In the main function, the h_f and h_g constants are defined and initialized on the host, which will be copied to constant memory. The cudaMemcpyToSymbol instruction is used to copy these constants onto constant memory for kernel execution. It has five arguments. First is the destination, which is defined using the __constant__ keyword. Second is the host address, third is the size of the transfer, fourth is memory offset, which is taken as zero, and fifth is the direction of data transfer, which is taken as the host to the device. The last two arguments are optional, and hence they are omitted in the second call to the cudaMemcpyToSymbol instruction.

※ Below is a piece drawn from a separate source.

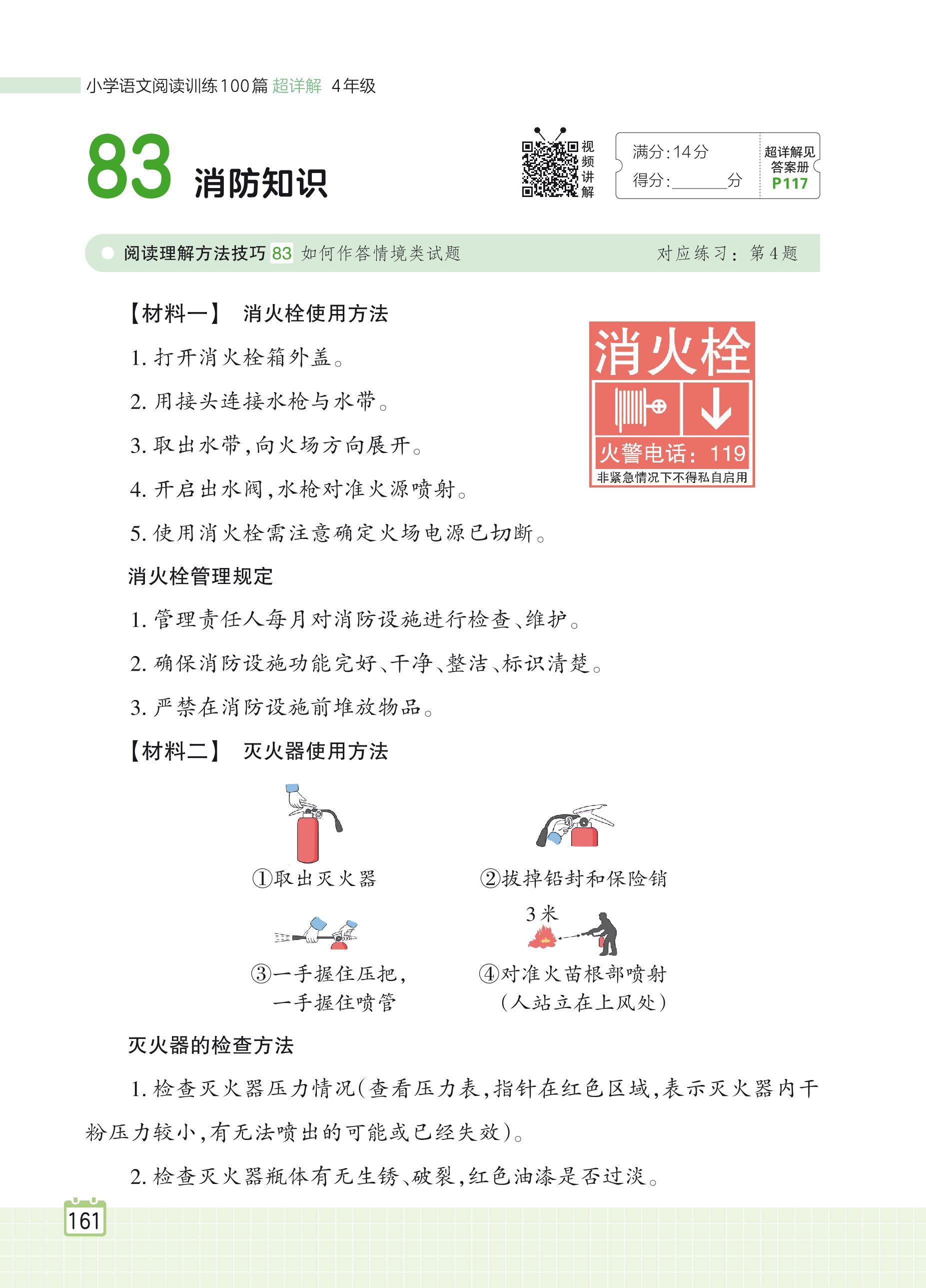 2024全一册四年级语文人教版 专题六 非连续性文本 83 消防知识

The output of the code is shown as follows:

One thing to note is that constant memory is a Read-only memory. This example is used just to explain the use of the constant memory from the CUDA program. It is not the optimal use of constant memory. As discussed earlier, constant memory helps in conserving memory bandwidth to global memory. To understand this, you have to understand the concept of warp. One warp is a collection of 32 threads woven together and executed in lockstep. A single read from constant memory can be broadcast to half warp, which can reduce up to 15 memory transactions. Also, constant memory is cached so that memory access to a nearby location will not incur an additional memory transaction. When each half warp, which contains 16 threads, operates on the same memory locations, the use of constant memory saves a lot of execution time. It should also be noted that if half-warp threads use completely different memory locations, then the use of constant memory may increase the execution time. So, the constant memory should be used with proper care.